TASK BRIEF -
In the entries that follow, find the line containing "Transform your style" and the line containing "Flores tropicales de", then copy exactly everything from the first through the second except the pictures.

DATASET RECORDS -
Content starts

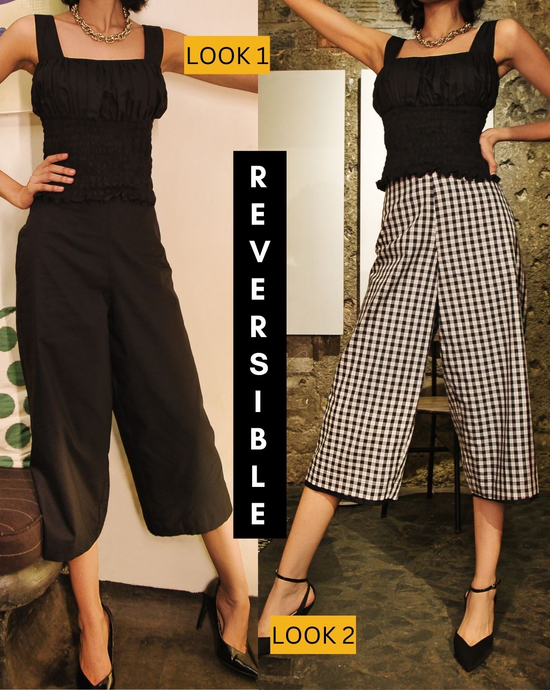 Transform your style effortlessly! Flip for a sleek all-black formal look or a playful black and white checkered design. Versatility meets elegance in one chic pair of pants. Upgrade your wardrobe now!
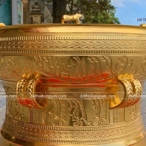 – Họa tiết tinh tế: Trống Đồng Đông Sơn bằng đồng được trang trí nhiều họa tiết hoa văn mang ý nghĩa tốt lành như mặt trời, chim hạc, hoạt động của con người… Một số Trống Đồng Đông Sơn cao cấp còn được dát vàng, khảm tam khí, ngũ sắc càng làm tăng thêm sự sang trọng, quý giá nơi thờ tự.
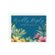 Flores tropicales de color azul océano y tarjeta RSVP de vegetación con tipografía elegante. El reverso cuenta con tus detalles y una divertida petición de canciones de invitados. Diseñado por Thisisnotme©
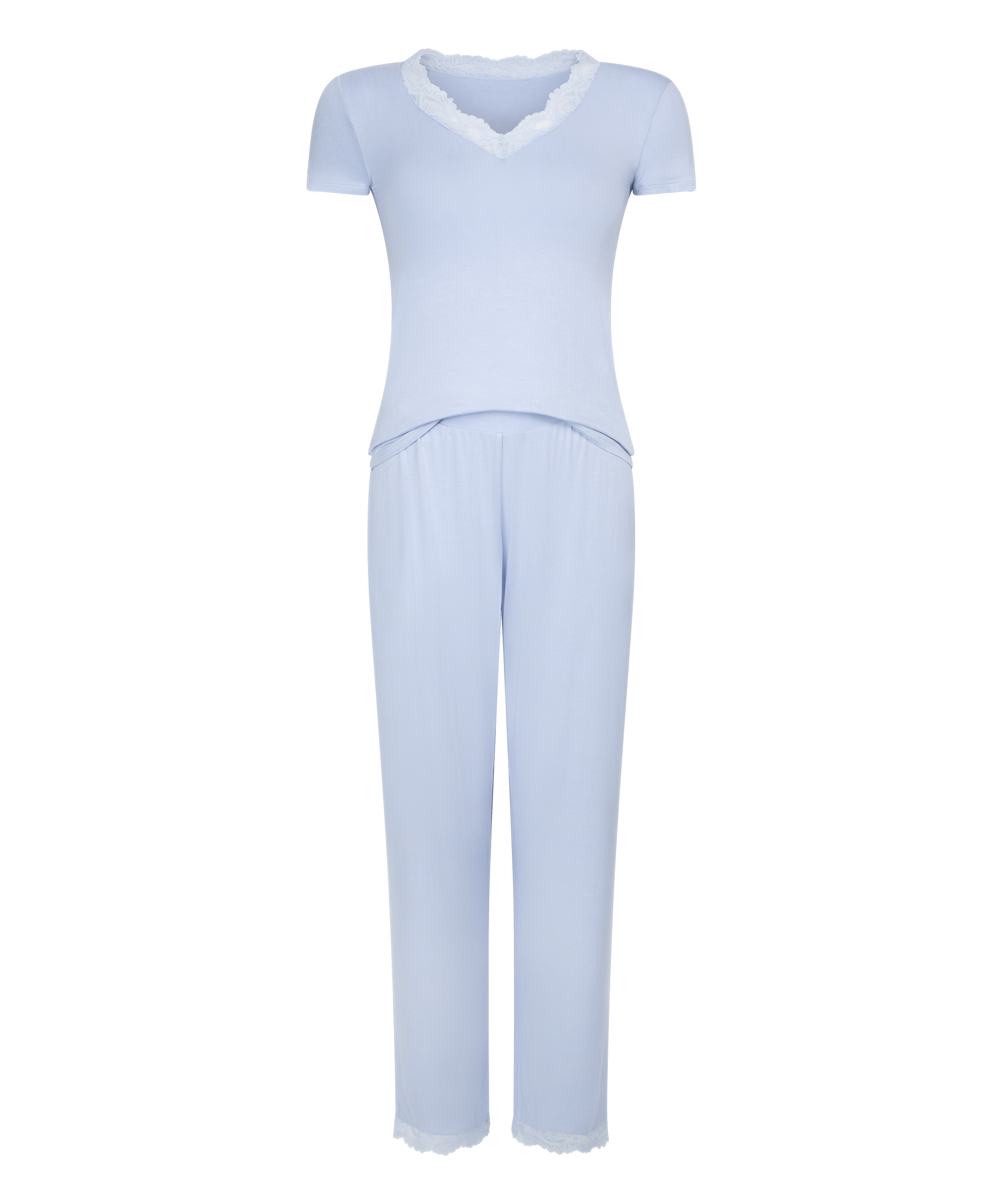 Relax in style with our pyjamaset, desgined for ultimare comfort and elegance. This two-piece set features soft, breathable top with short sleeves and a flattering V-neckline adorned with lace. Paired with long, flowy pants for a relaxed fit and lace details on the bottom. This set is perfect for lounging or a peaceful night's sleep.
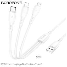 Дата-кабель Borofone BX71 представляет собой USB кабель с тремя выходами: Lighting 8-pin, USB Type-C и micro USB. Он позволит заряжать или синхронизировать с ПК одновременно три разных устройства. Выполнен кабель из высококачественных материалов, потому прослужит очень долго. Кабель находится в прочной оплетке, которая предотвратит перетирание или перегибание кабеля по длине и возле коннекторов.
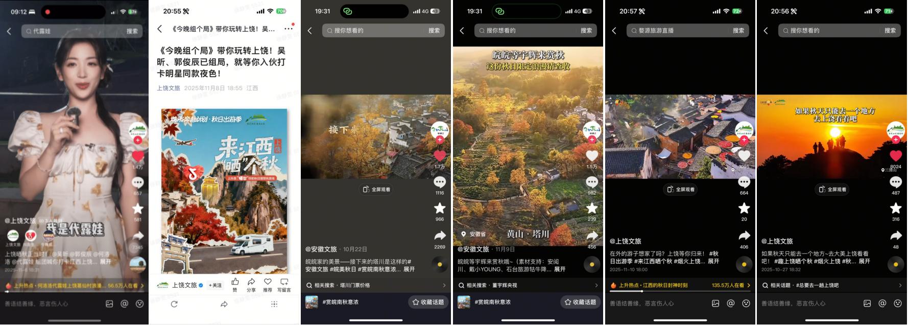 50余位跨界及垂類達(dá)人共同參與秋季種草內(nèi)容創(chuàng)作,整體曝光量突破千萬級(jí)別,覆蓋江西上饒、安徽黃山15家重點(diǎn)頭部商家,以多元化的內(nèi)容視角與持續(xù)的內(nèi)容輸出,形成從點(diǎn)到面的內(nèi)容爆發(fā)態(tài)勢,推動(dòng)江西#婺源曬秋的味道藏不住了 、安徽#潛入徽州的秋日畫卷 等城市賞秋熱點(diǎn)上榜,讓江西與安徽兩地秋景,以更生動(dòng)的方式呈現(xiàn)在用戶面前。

Content ends
Content starts

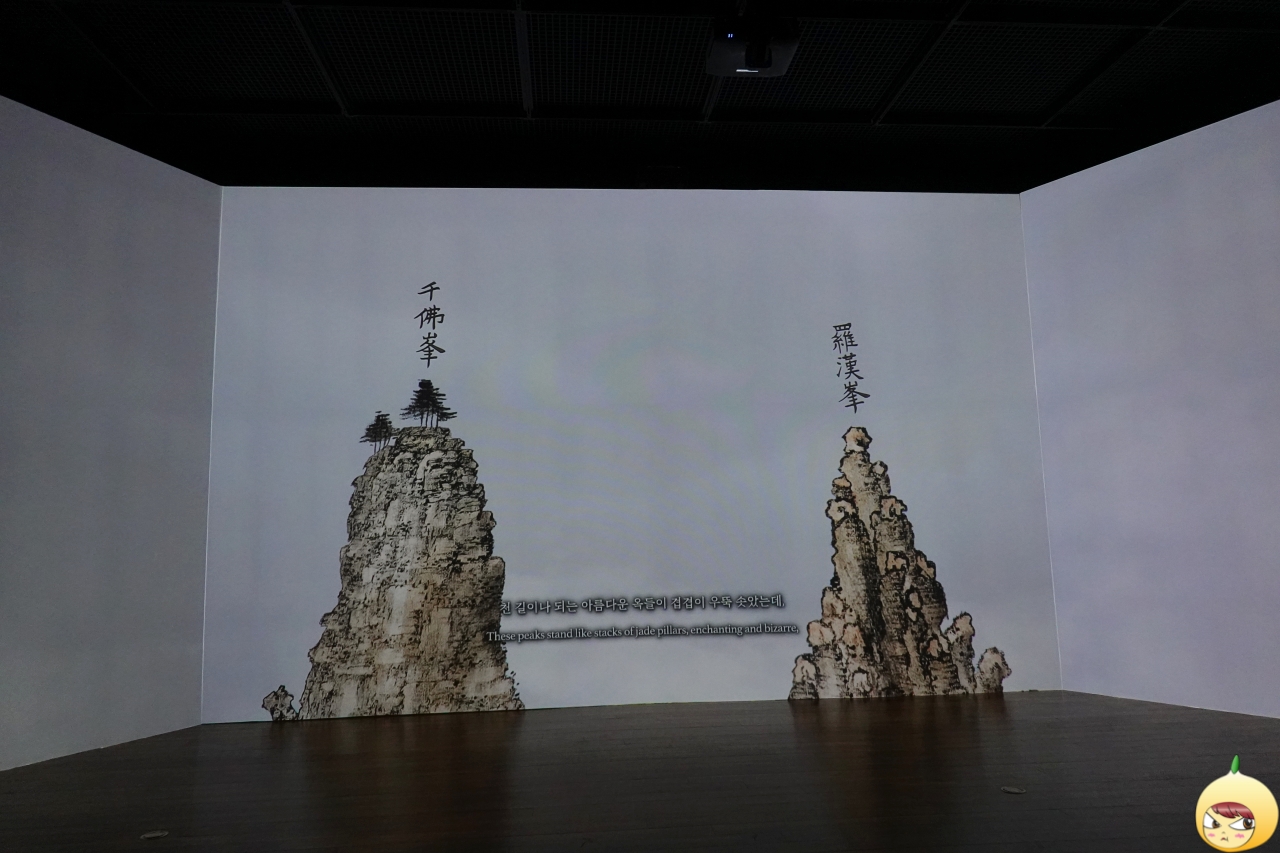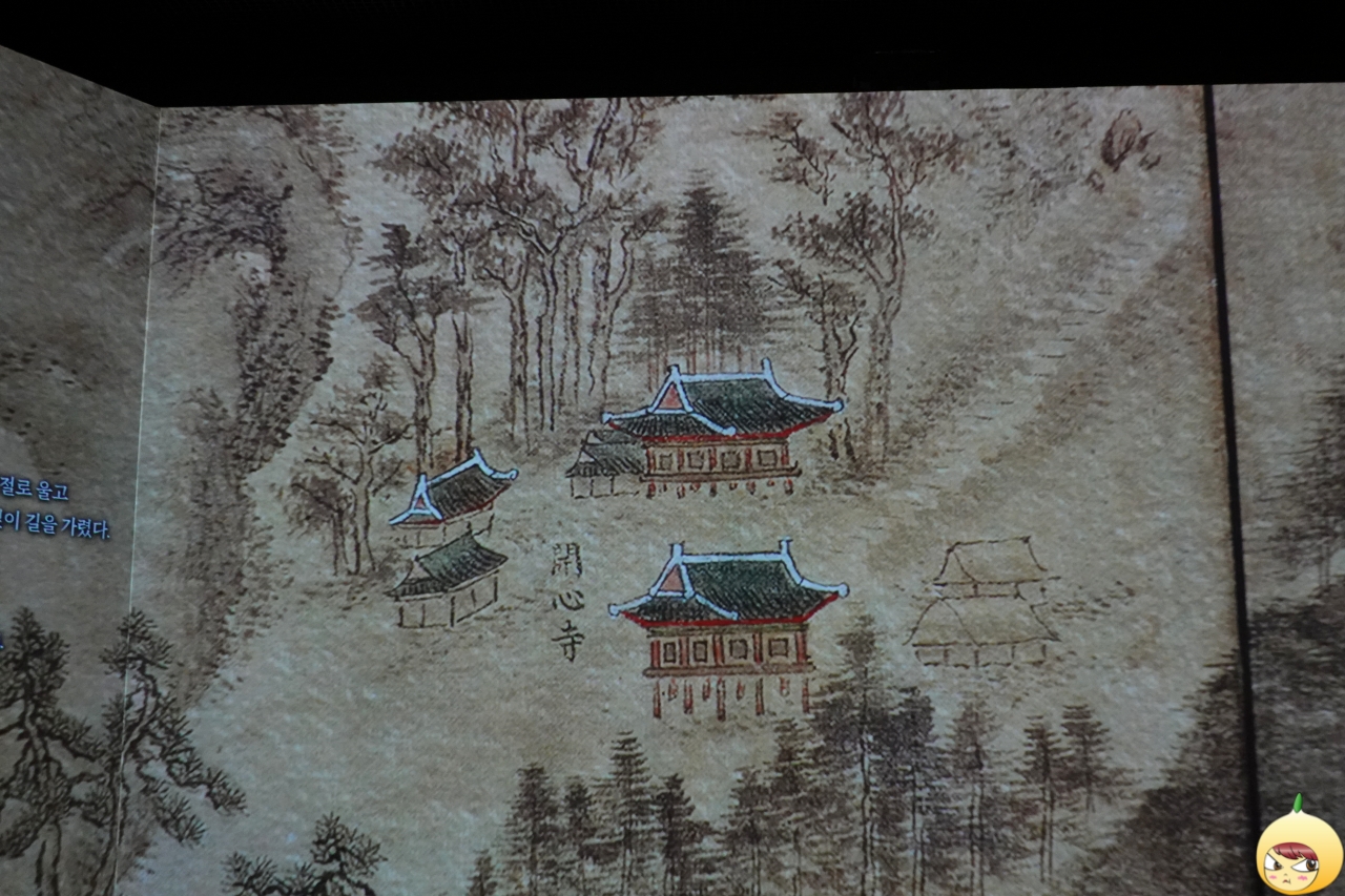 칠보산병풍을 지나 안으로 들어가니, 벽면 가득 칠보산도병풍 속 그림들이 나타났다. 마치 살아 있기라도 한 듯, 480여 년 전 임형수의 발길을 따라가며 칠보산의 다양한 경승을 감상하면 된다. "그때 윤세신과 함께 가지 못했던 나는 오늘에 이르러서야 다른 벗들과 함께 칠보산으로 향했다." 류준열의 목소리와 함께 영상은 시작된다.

Content ends

SOLUTION FOR THIS TASK -
 Transform your style effortlessly! Flip for a sleek all-black formal look or a playful black and white checkered design. Versatility meets elegance in one chic pair of pants. Upgrade your wardrobe now!
 – Họa tiết tinh tế: Trống Đồng Đông Sơn bằng đồng được trang trí nhiều họa tiết hoa văn mang ý nghĩa tốt lành như mặt trời, chim hạc, hoạt động của con người… Một số Trống Đồng Đông Sơn cao cấp còn được dát vàng, khảm tam khí, ngũ sắc càng làm tăng thêm sự sang trọng, quý giá nơi thờ tự.
 Flores tropicales de color azul océano y tarjeta RSVP de vegetación con tipografía elegante. El reverso cuenta con tus detalles y una divertida petición de canciones de invitados. Diseñado por Thisisnotme©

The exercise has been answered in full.